How to Calculate the Capacity of a Water Tank Using Algebra
When troubleshooting the capacity of a water tank, the algebraic approach can be a powerful tool. Imagine you have a water tank that is currently 1/3 full and after adding 150 liters of water, the tank becomes full. This scenario poses an interesting conundrum: how can we determine the total capacity of the tank? Let's delve into this problem using algebraic methods and explore the solution step-by-step.
Solving the Problem Using Algebra
Let the total capacity of the tank be denoted as C liters. Initially, the tank is 1/3 full, meaning it contains (frac{1}{3}C) liters of water. After adding 150 liters of water, the tank becomes completely full, leading to the equation:
(frac{1}{3}C 150 C)
Step-by-Step Solution
First, isolate the variable C by subtracting (frac{1}{3}C) from both sides of the equation:(frac{1}{3}C 150 , – , frac{1}{3}C C , - , frac{1}{3}C)
(150 frac{2}{3}C)
Next, solve for C by multiplying both sides of the equation by (frac{3}{2}) to isolate C:(150 times frac{3}{2} C)
(frac{450}{2} C)
(225 C)
Therefore, the capacity of the tank is 225 liters.

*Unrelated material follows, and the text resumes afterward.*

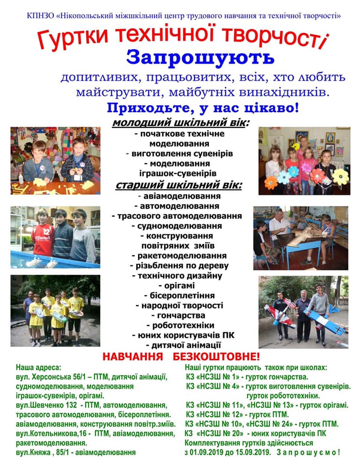 КПНЗО «Нікопольський міжшкільний центр трудового навчання та технічної творчості» запрошує всіх допитливих, працьовитих, всіх, хто любить майструвати, майбутніх винахідників до гуртків технічної творчості!
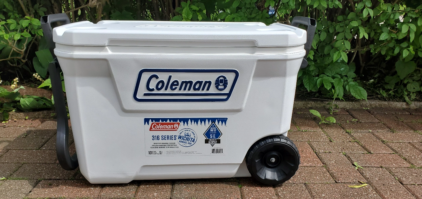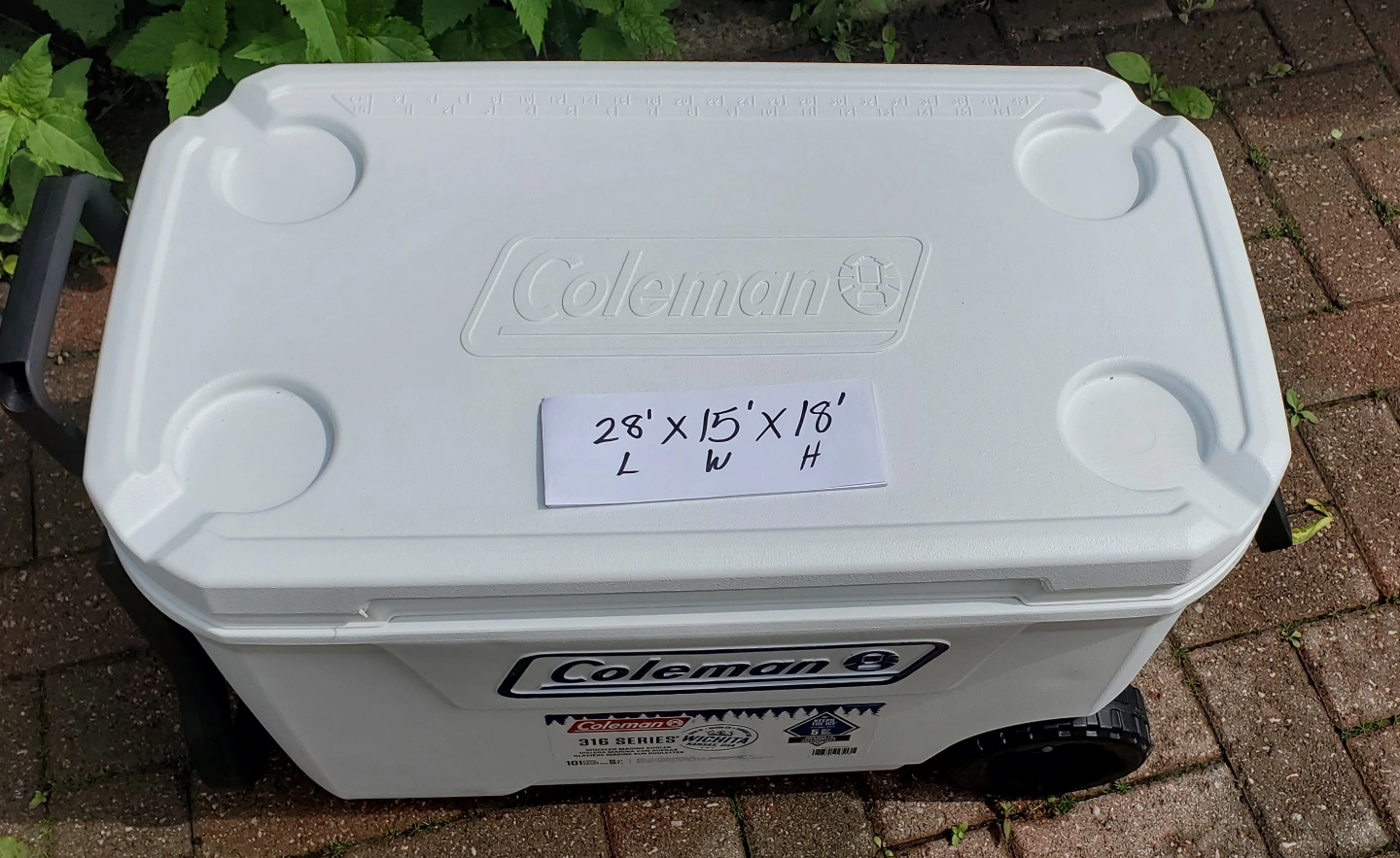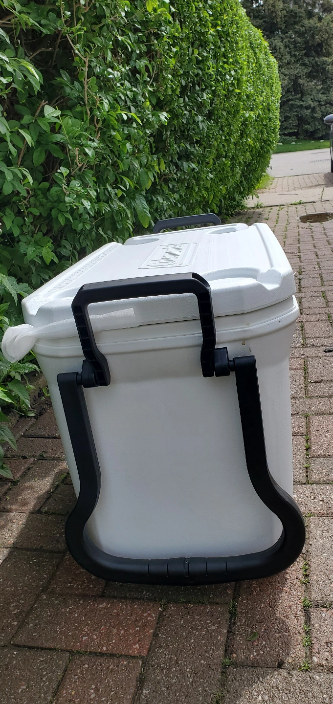 Large capacity cooler. White plastic construction. Features wheels and handles for easy transport. 62 liters. Keeps ice for five days. Contact me for questions. Excellent product. It was used for 4 consecutive days camping. Perfect.

Alternative Solutions Explained
Let's also explore some alternative methods to solve this problem, presented in various sources:
Method 1: 1/2 - 1/3 200 liters
[ text{1/2 tank} - text{1/3 tank} 200 ]
[ frac{3}{6} - frac{2}{6} 200 ]
[ frac{1}{6} text{ of the tank} 200 text{ liters} ]
[ text{Full capacity of the tank} 200 div frac{1}{6} 1200 text{ liters} ]
Method 2: 1/2X - 200 1/3X
[ frac{1}{2}X - 200 frac{1}{3}X ]
[ frac{1}{2}X - frac{1}{3}X 200 ]
[ frac{3}{6}X - frac{2}{6}X 200 ]
[ frac{1}{6}X 200 ]
[ X 1200 text{ liters} ]
Method 3: 1/3 4/12
[ frac{7}{12} - frac{4}{12} 3/12 9 text{ liters} ]
[ frac{9}{3} 3 text{ liters} frac{1}{12} text{ of the tank} ]
[ 3 times 12 36 text{ liters} text{capacity of the tank} ]
Method 4: Let the capacity of the tank x
[ frac{x}{3} - 9 frac{7x}{12} ]
[ frac{7x}{12} - frac{x}{3} 9 ]
[ frac{7x - 4x}{12} 9 ]
[ frac{3x}{12} 9 ]
[ x frac{4 times 9}{1} 36 text{ liters} ]
Method 5: Let the capacity of the tank be C litres
[ frac{C}{3} - 9 frac{7C}{12} ]
[ frac{C}{3} - frac{7C}{12} 9 ]
[ frac{4C - 7C}{12} 9 ]
[ frac {-3C}{12} 9 ]
[ -3C 108 ]
[ C 36 text{ liters} ]
Conclusion
Through these various methods, we can see that the capacity of the water tank is consistently determined to be 36 liters. Each method provides a unique perspective on solving the problem, but they all converge on the same solution using fundamental algebraic principles. Understanding these methods can enhance your problem-solving skills and flexibility in dealing with real-world situations involving capacity calculations.